--- MATERIAL FOR THIS TASK Enclosed Below ---

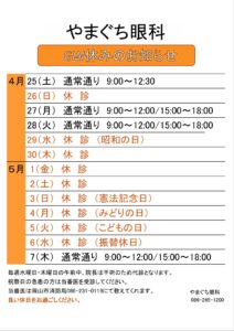 R8年4月29日(水)からR8年5月6日(水)まで休診とさせていただきます。
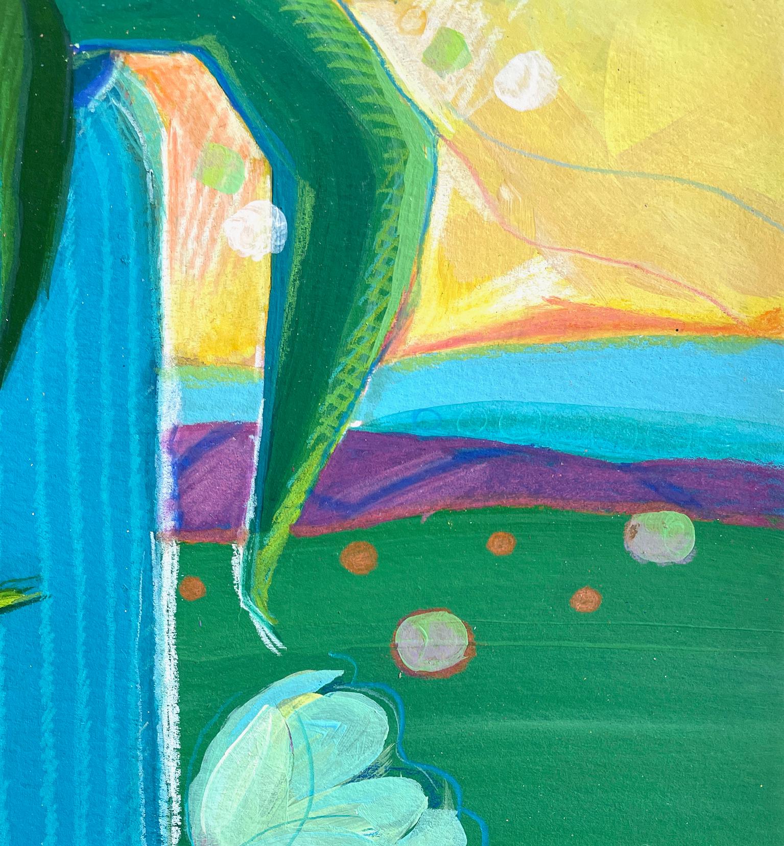 For me, this painting represents the anticipation of spring, when the days get brighter, warm air sweeps across the meadows, birds sing in the morning, and colorful flowers lift our spirits. A welcoming relief after a dreary winter in the northern hemisphere.
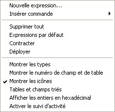 Vous pouvez ajouter une Nouvelle expression ou une Commande du langage de 4D, ou effectuer des opérations globales : Supprimer tout, réafficher toutes les Expressions par défaut, tout Contracter ou tout Déployer.
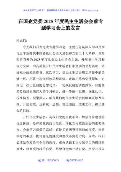 / 在国企党委2025年度民主生活会会前专题学习会上的发言
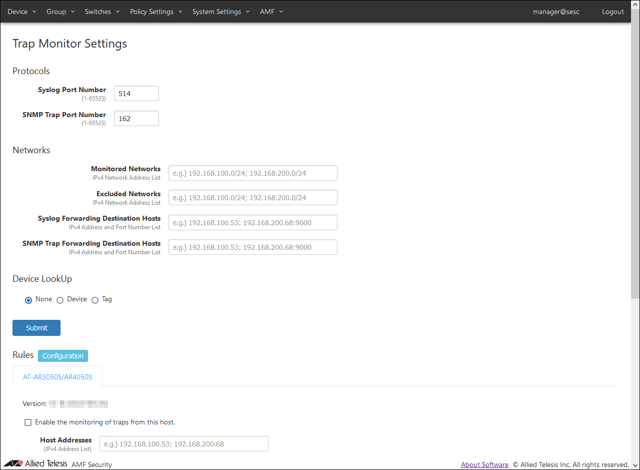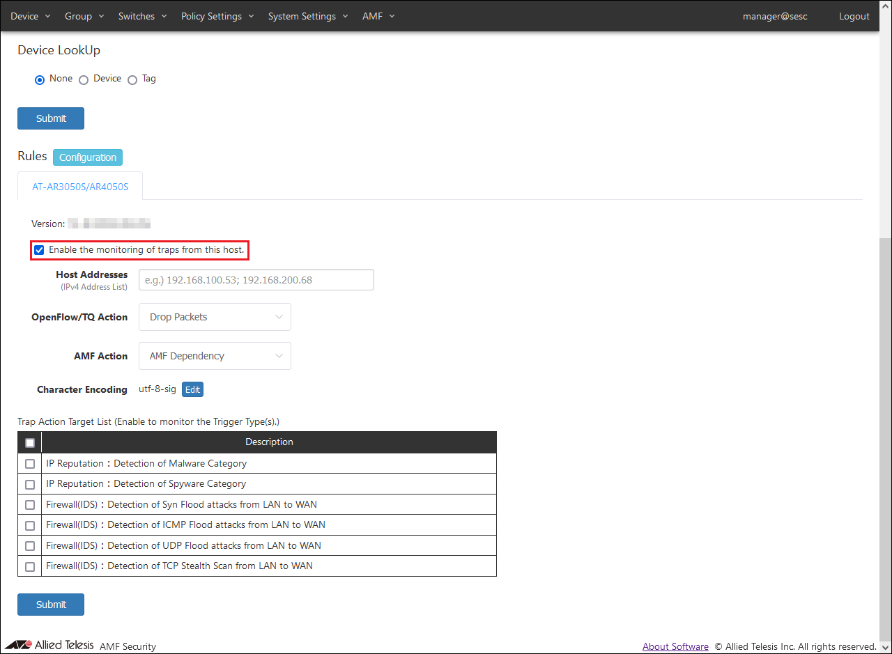 - Display the System Settings > Trap Monitor Settings page and set the rules for the AT-AR3050S/AR4050S's UTM-related functions used as linked applications.

--- End of Enclosed MATERIAL FOR THIS TASK ---

Would you output the data above exactly as written, but with no images?

EXERCISE OUTPUT:
 R8年4月29日(水)からR8年5月6日(水)まで休診とさせていただきます。
 For me, this painting represents the anticipation of spring, when the days get brighter, warm air sweeps across the meadows, birds sing in the morning, and colorful flowers lift our spirits. A welcoming relief after a dreary winter in the northern hemisphere.
 Vous pouvez ajouter une Nouvelle expression ou une Commande du langage de 4D, ou effectuer des opérations globales : Supprimer tout, réafficher toutes les Expressions par défaut, tout Contracter ou tout Déployer.
 / 在国企党委2025年度民主生活会会前专题学习会上的发言
 - Display the System Settings > Trap Monitor Settings page and set the rules for the AT-AR3050S/AR4050S's UTM-related functions used as linked applications.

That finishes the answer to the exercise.